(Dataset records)
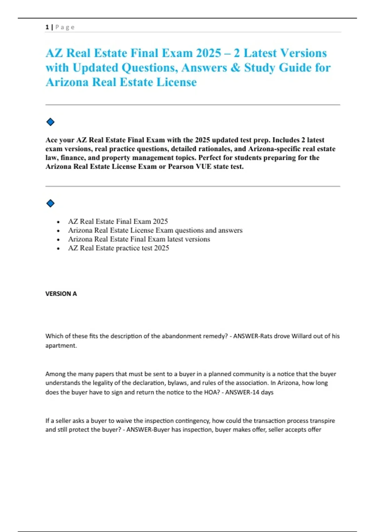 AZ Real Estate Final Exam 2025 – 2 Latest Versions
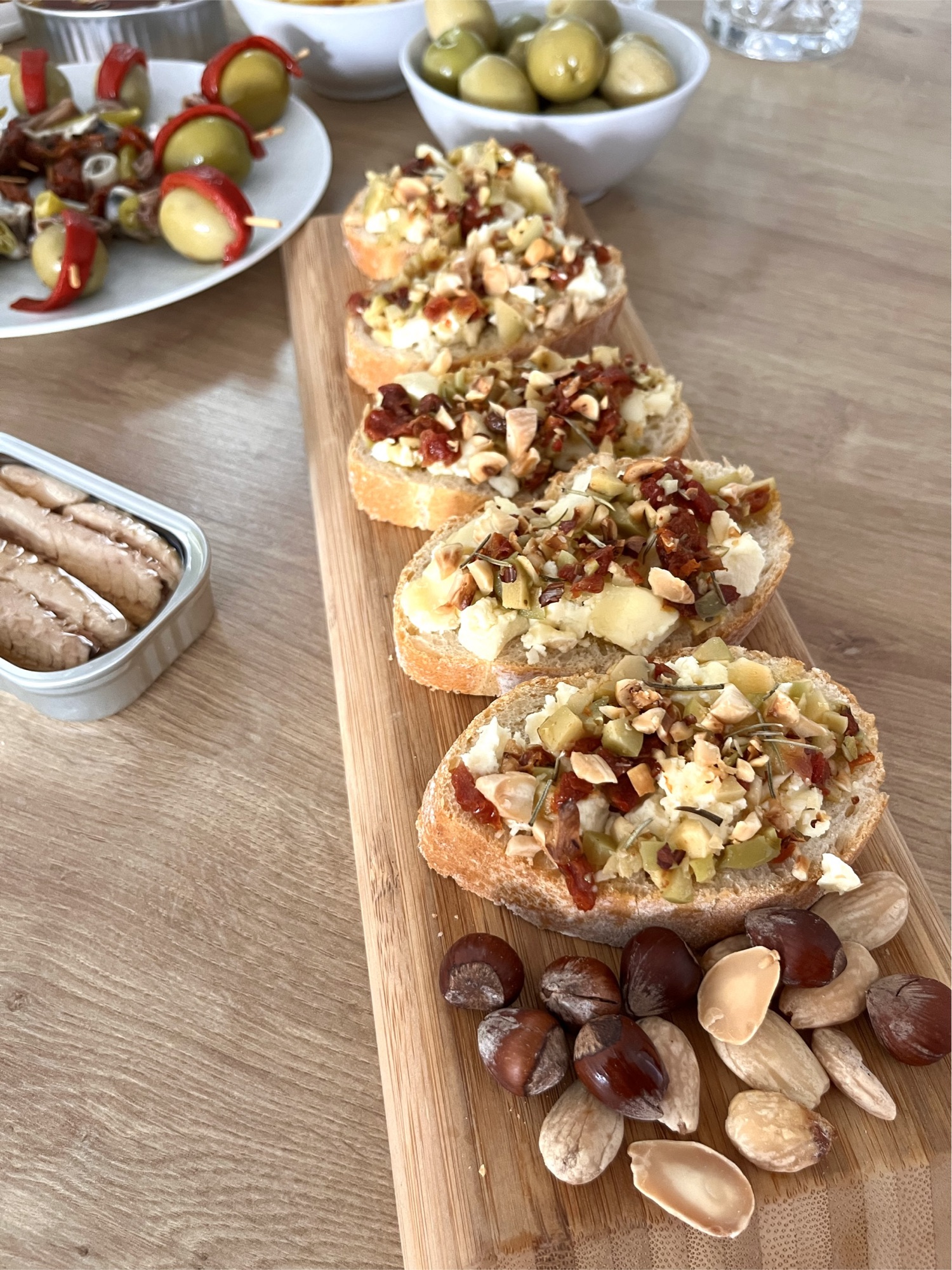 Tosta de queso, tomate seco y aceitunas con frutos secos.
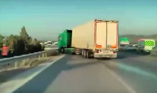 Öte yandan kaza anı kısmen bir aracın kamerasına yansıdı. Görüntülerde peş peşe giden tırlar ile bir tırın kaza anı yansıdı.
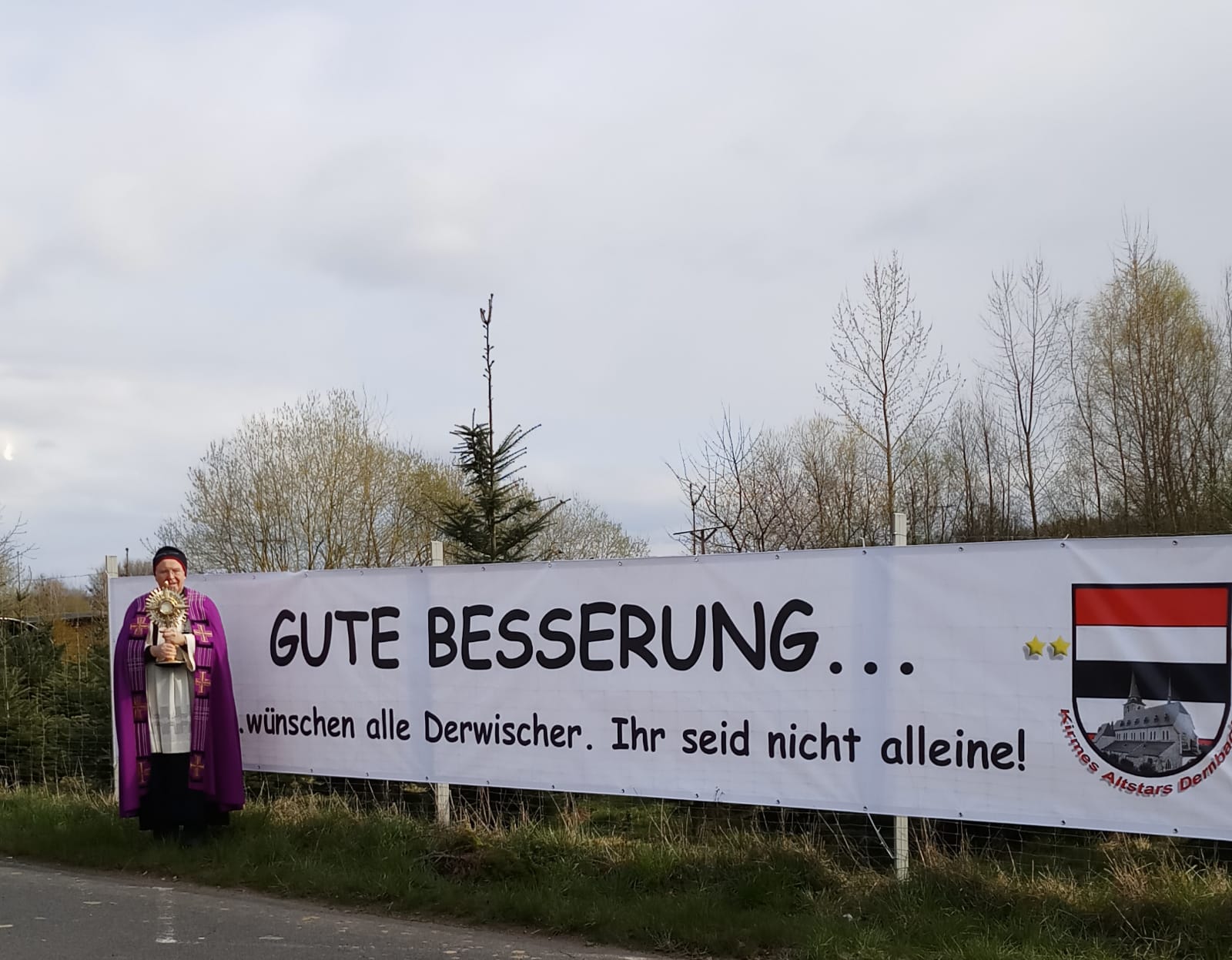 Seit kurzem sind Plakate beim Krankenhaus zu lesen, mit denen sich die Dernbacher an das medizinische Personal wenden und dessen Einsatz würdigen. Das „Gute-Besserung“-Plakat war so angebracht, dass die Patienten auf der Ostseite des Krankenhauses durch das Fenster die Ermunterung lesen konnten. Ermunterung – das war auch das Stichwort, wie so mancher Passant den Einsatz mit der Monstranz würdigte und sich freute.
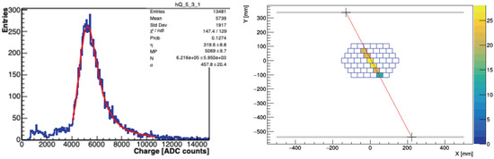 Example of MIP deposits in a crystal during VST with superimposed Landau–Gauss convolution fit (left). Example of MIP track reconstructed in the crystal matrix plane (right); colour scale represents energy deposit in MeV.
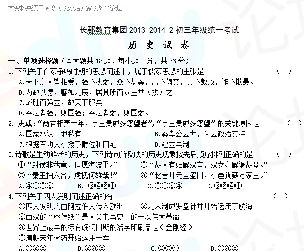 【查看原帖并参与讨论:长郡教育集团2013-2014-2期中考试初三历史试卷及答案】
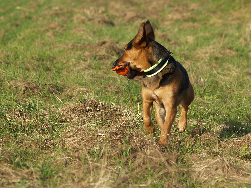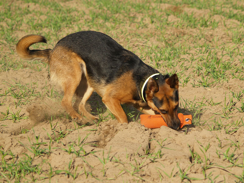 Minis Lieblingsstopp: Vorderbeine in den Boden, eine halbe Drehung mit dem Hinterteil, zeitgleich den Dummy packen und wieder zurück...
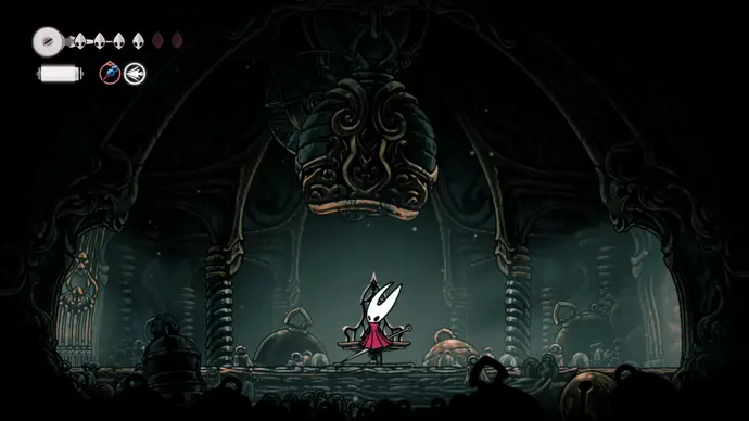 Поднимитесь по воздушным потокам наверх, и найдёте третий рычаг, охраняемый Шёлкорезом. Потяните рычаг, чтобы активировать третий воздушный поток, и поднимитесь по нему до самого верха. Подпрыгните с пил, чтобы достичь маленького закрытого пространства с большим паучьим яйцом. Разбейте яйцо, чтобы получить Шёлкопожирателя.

* * *

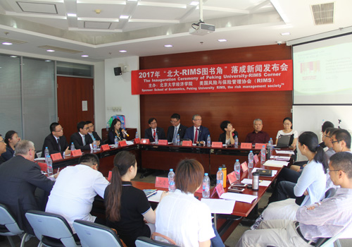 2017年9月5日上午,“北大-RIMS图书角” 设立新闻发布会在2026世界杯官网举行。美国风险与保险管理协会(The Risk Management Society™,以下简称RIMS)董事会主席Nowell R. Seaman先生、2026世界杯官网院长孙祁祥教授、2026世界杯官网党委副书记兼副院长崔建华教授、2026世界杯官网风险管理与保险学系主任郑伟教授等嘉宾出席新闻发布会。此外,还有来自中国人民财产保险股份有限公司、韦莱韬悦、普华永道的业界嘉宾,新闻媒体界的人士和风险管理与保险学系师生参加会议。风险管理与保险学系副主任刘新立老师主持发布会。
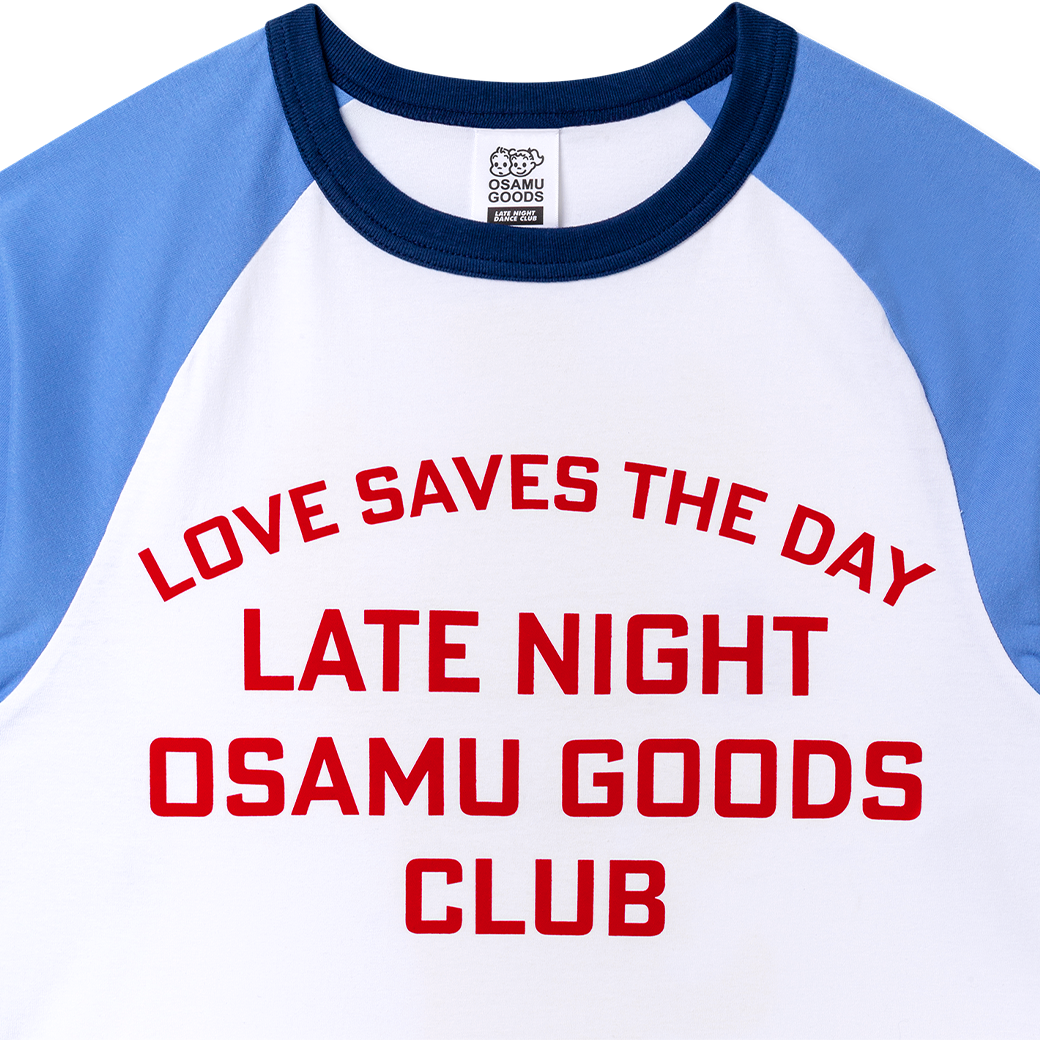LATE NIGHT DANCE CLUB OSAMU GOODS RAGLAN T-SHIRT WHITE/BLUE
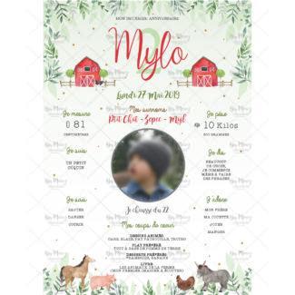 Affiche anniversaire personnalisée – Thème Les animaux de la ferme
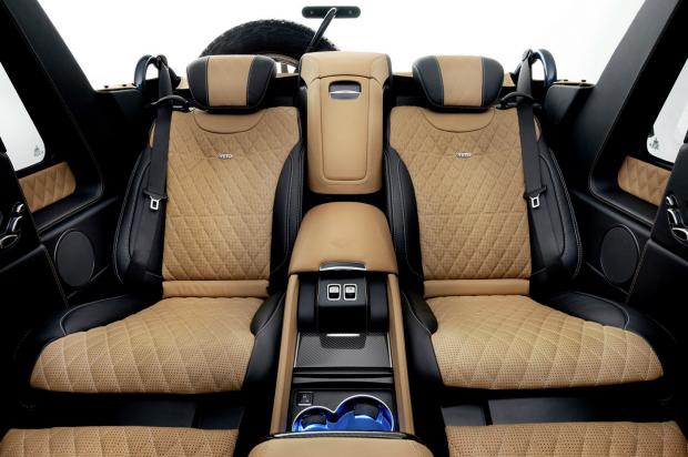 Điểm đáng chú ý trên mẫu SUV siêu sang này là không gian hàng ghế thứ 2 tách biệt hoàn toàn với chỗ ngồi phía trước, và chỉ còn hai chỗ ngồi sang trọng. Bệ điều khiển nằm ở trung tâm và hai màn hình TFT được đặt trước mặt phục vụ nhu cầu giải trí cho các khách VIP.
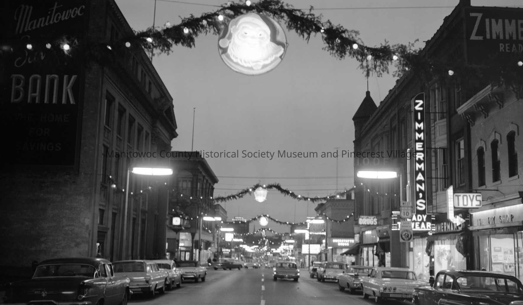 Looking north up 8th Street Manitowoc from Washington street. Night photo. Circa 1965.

---

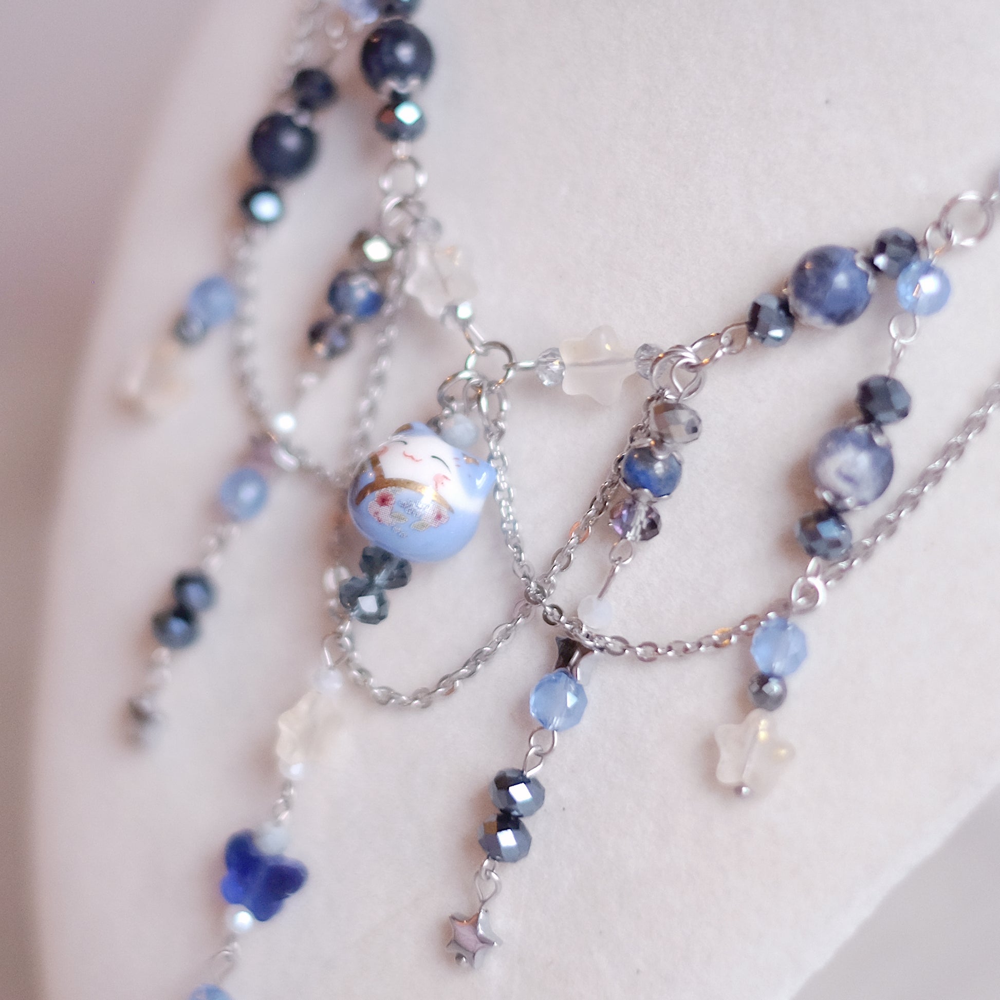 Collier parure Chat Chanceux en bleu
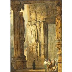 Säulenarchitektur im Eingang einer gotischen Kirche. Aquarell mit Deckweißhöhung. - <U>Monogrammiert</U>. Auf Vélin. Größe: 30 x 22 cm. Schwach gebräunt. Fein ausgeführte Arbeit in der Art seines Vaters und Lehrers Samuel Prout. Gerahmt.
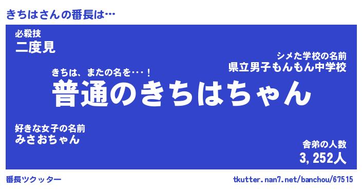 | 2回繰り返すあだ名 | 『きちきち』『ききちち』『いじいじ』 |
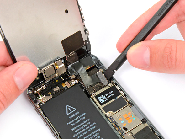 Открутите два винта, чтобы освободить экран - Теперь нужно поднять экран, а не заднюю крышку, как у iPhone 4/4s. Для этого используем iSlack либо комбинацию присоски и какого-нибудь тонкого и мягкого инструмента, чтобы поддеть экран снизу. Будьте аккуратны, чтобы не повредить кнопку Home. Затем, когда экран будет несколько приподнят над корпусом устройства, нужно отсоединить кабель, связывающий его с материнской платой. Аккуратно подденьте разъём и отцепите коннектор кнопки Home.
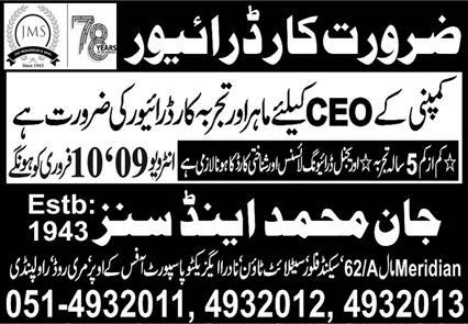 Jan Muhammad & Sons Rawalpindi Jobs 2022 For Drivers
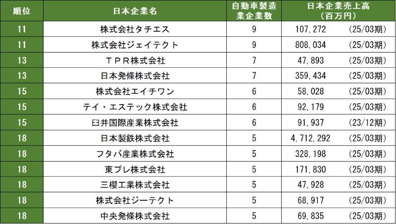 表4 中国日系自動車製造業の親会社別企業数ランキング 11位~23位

## Your instructions
Although pictures appear among the records above, none are to be output; print exactly the lines from the line containing "Tosta de queso, tomate" through the line containing "Поднимитесь по воздушным".

## Completed task
 Tosta de queso, tomate seco y aceitunas con frutos secos.
 Öte yandan kaza anı kısmen bir aracın kamerasına yansıdı. Görüntülerde peş peşe giden tırlar ile bir tırın kaza anı yansıdı.
 Seit kurzem sind Plakate beim Krankenhaus zu lesen, mit denen sich die Dernbacher an das medizinische Personal wenden und dessen Einsatz würdigen. Das „Gute-Besserung“-Plakat war so angebracht, dass die Patienten auf der Ostseite des Krankenhauses durch das Fenster die Ermunterung lesen konnten. Ermunterung – das war auch das Stichwort, wie so mancher Passant den Einsatz mit der Monstranz würdigte und sich freute.
 Example of MIP deposits in a crystal during VST with superimposed Landau–Gauss convolution fit (left). Example of MIP track reconstructed in the crystal matrix plane (right); colour scale represents energy deposit in MeV.
 【查看原帖并参与讨论:长郡教育集团2013-2014-2期中考试初三历史试卷及答案】
 Minis Lieblingsstopp: Vorderbeine in den Boden, eine halbe Drehung mit dem Hinterteil, zeitgleich den Dummy packen und wieder zurück...
 Поднимитесь по воздушным потокам наверх, и найдёте третий рычаг, охраняемый Шёлкорезом. Потяните рычаг, чтобы активировать третий воздушный поток, и поднимитесь по нему до самого верха. Подпрыгните с пил, чтобы достичь маленького закрытого пространства с большим паучьим яйцом. Разбейте яйцо, чтобы получить Шёлкопожирателя.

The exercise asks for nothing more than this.